*Given records*.
::::::::::
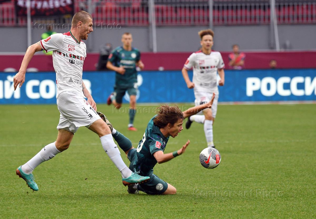 Fonbet - Russian Football Cup 2024/25. Match between the teams "Rubin" (Kazan) - "Akron" (Tolyatti) at the Ak Bars Arena stadium. Akron team player Vladimir Moskvichev (left) and Rubin team player Nikita Vasiliev (right) during the match.
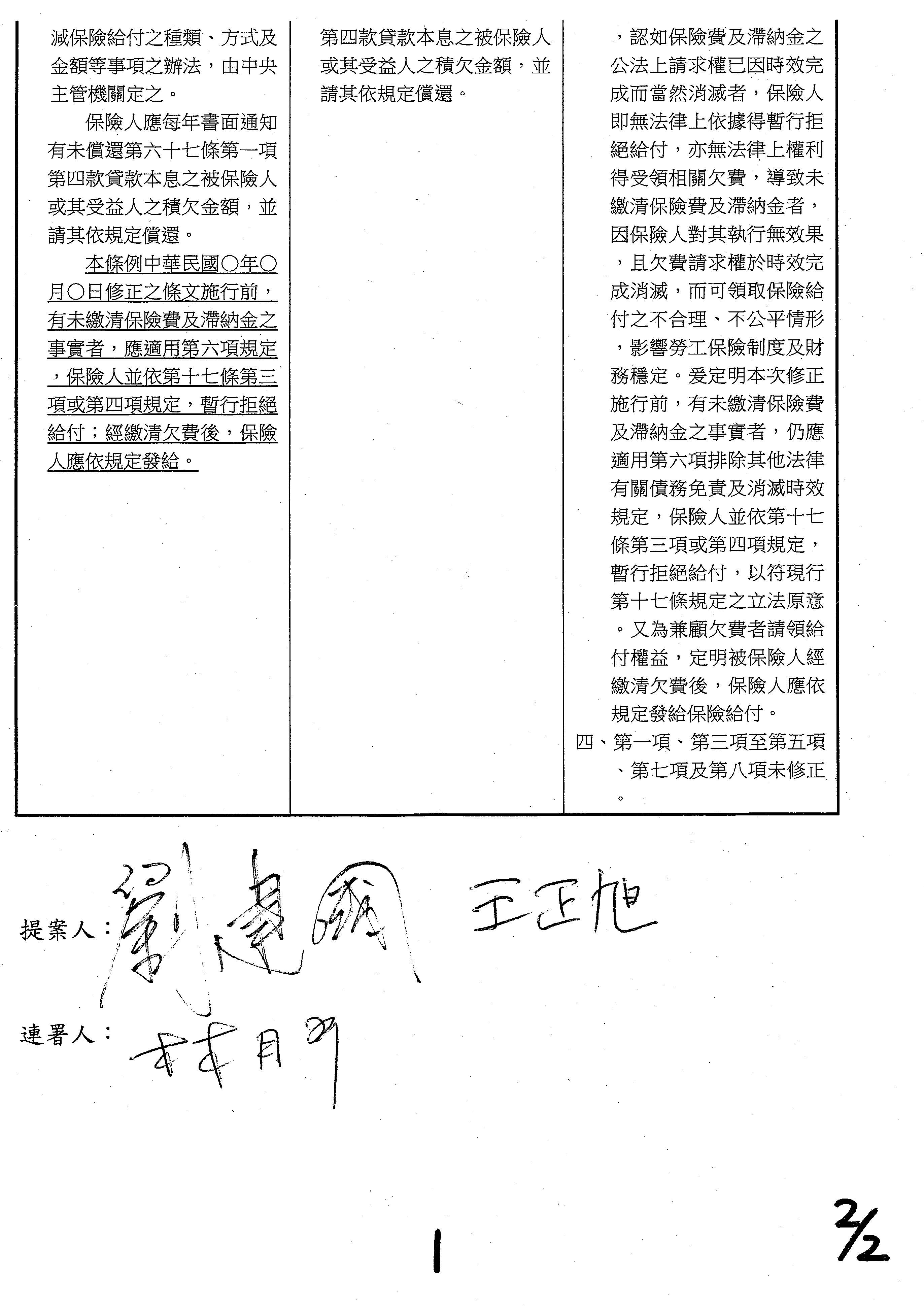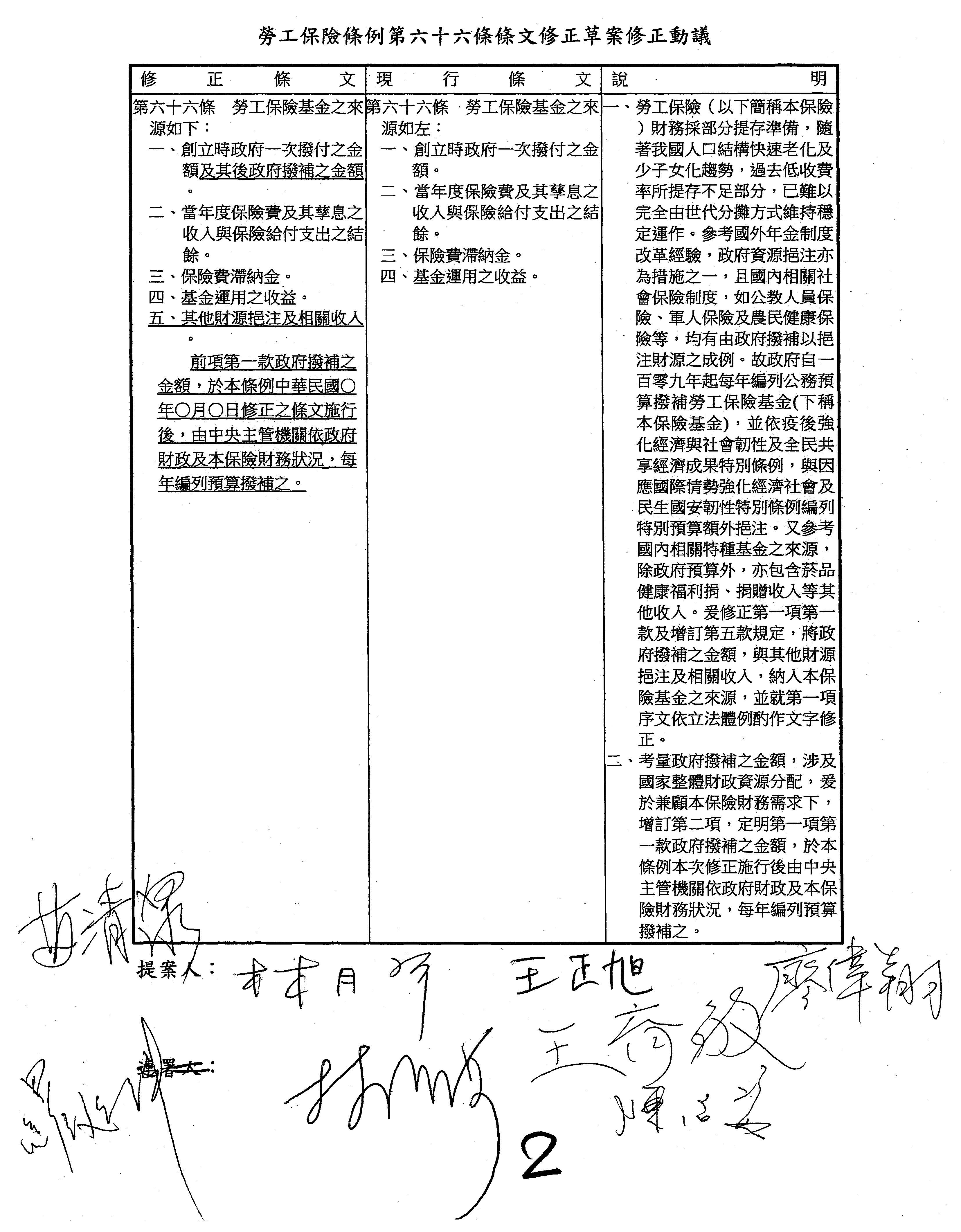 (六)委員王正旭等20人擬具「勞工保險條例第六十六條及第六十九條條文修正草案」案。
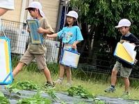 本日の2年生の生活科では、育てているサツマイモやミニトマトの様子を観察です。1年生は、みんなで行く近くの遊び場には何があるかを出し合っています。
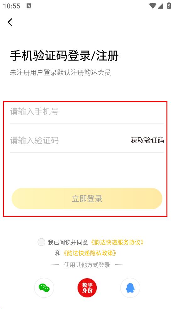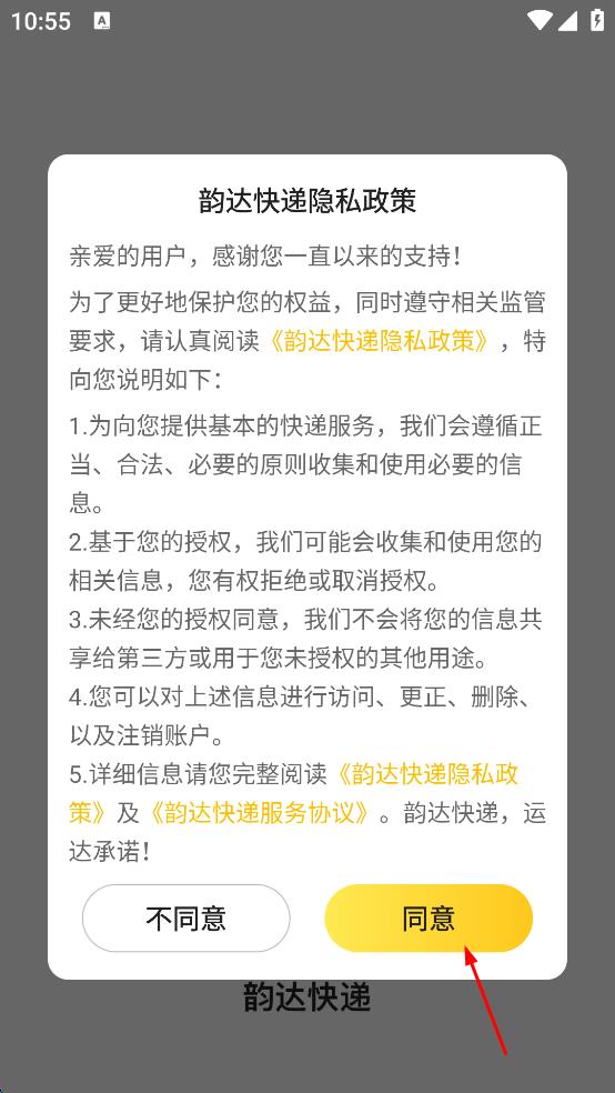 1、打開韻達快遞APP,在彈出的韻達快遞隱私政策提示框中,點擊“同意”按鈕。
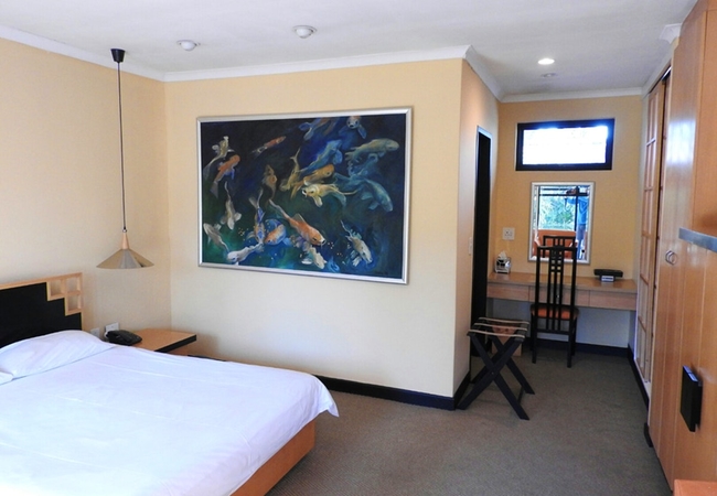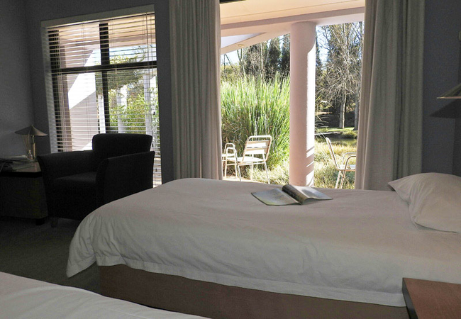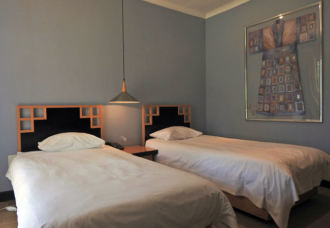 1x Twin Room (2 x single beds) Blue Room. Private entrance and view of Garden Lake. Bar fridge, TV, complimentary tea, coffee and rusks. En-suite bathroom with hand shower and heated towel rail. Complimentary basic amenities supplied. Hair dryer and safe.
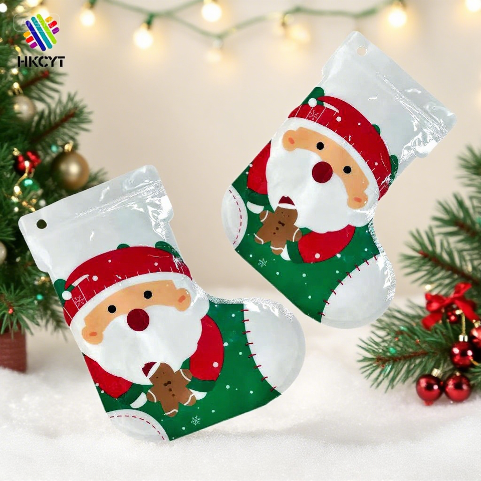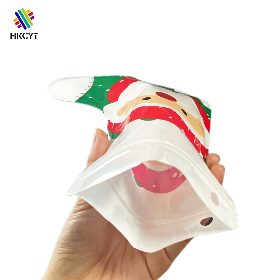 Custom Logo High Quality Aluminum Foil Christmas Gift Plastic Bags Reusable Three Side Heat Sealed Christmas Free Shaped Pouch
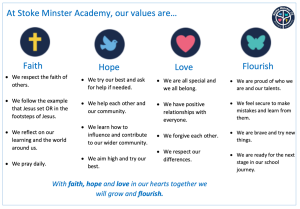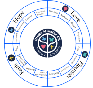 The schools vision is clear and articulated by all in our school community as a Christian way of belonging and flourishing together. Stoke Minster has four core values, our values enable us to grow and flourish to fulfill our God-given potential. Our values are faith, hope, love and flourish. Each of our values are represented by a symbol, which can be found on the school logo (which was designed by our children in 2022). If you look carefully, you can even spot the mustard tree in our logo!
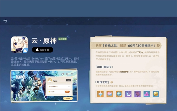 云原神是米哈游为《原神》打造的云游戏版本,运用实时云端技术,玩家即便未下载完整的《原神》游戏包体,也能畅享高画质、高帧率的游戏过程。不过,它对网络环境要求较为严苛,建议通过WiFi连接来体验。此外,游戏账号是互通的,玩家直接使用米哈游通行证登录就行。
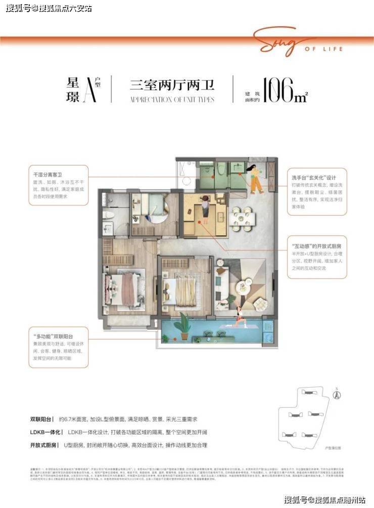 约106㎡户型点评:双联阳台约6.7米面宽,加设L型俯景面,满足晾晒、赏景、采光三重需求,LDKB一体化设计,打破各功能区域的隔离,整个空间更加开阔,开放式厨房 U型厨房,封闭敞开随心切换,高效台面设计,操作动线更加合理
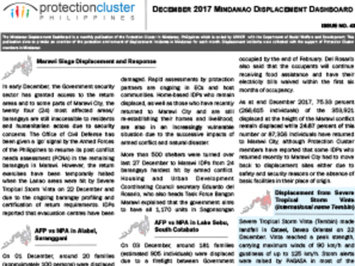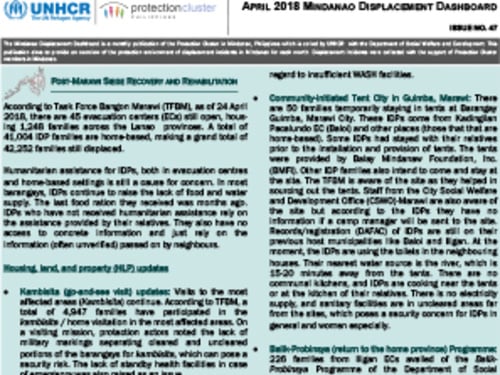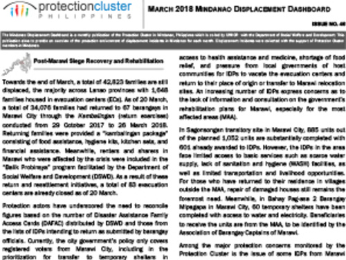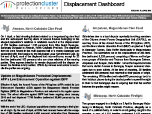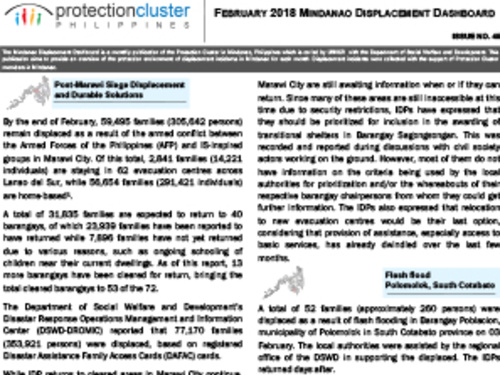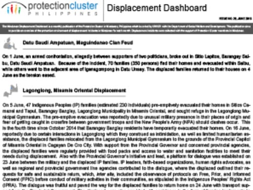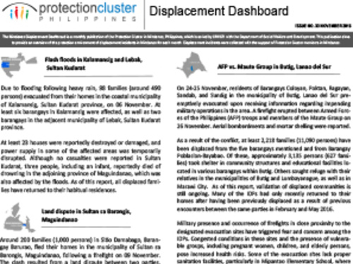 Mindanao Displacement Dashboards Mindanao Displacement Dashboards Download our Displacement Dashboards June 2023 November 2022 October 2022 September 2022 August 2022 July 2022 June 2022 May 2022 April 2022 March 2022 February 2022 January 2022 December 2021 November 2021 October 2021 September 2021 August 2021 July 2021 June 2021 May 2021 April 2021 March 2021 February 2021 January 2021 December 2020 November 2020 October 2020 September 2020 August 2020 July 2020 June 2020 May 2020 April 2020 March 2020 February 2020 January 2020 December 2019 November 2019 October 2019 September 2019 August 2019 July 2019 June 2019 May 2019 April 2019 November 2018 October 2018 September 2018 August 2018 July 2018 June 2018 May 2018 April 2018 March 2018 February 2018 January 2018 December 2017 November 2017 October 2017 September 2017 December 2016 - January 2017 November 2016 October 2016 September 2016 August 2016 July 2016 June 2016 May 2016 April 2016 March 2016 February 2016 2015 Mindanao Displacement Report
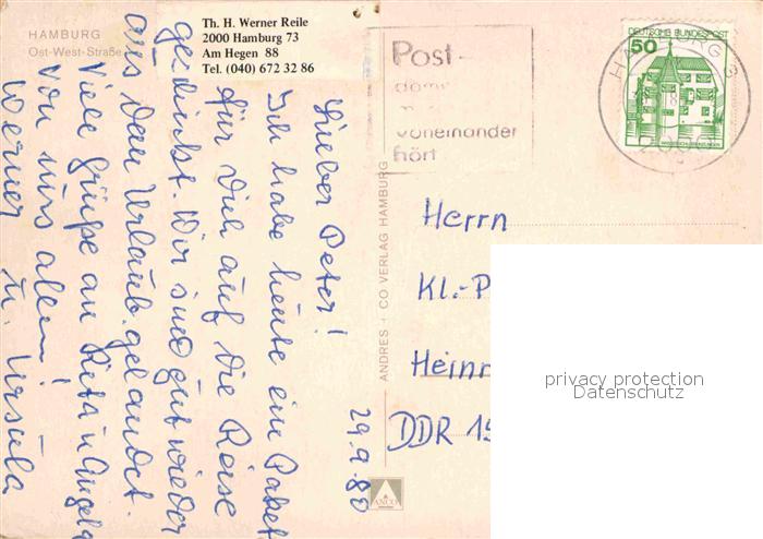 72848851 alte Postkarte HAMBURG CITY Ost West Strasse postalisch gelaufen Erhaltung siehe scans [FriedD77] KatCode: 11110002000000
::::::::::
*Task statement*. Go back to the listing above and reproduce, exactly, the stretch from the line bearing "云原神是米哈游为《原神》打造" through the line bearing "约106㎡户型点评:双联阳台", without its pictures.

*Solution for this task*.
 云原神是米哈游为《原神》打造的云游戏版本,运用实时云端技术,玩家即便未下载完整的《原神》游戏包体,也能畅享高画质、高帧率的游戏过程。不过,它对网络环境要求较为严苛,建议通过WiFi连接来体验。此外,游戏账号是互通的,玩家直接使用米哈游通行证登录就行。
 约106㎡户型点评:双联阳台约6.7米面宽,加设L型俯景面,满足晾晒、赏景、采光三重需求,LDKB一体化设计,打破各功能区域的隔离,整个空间更加开阔,开放式厨房 U型厨房,封闭敞开随心切换,高效台面设计,操作动线更加合理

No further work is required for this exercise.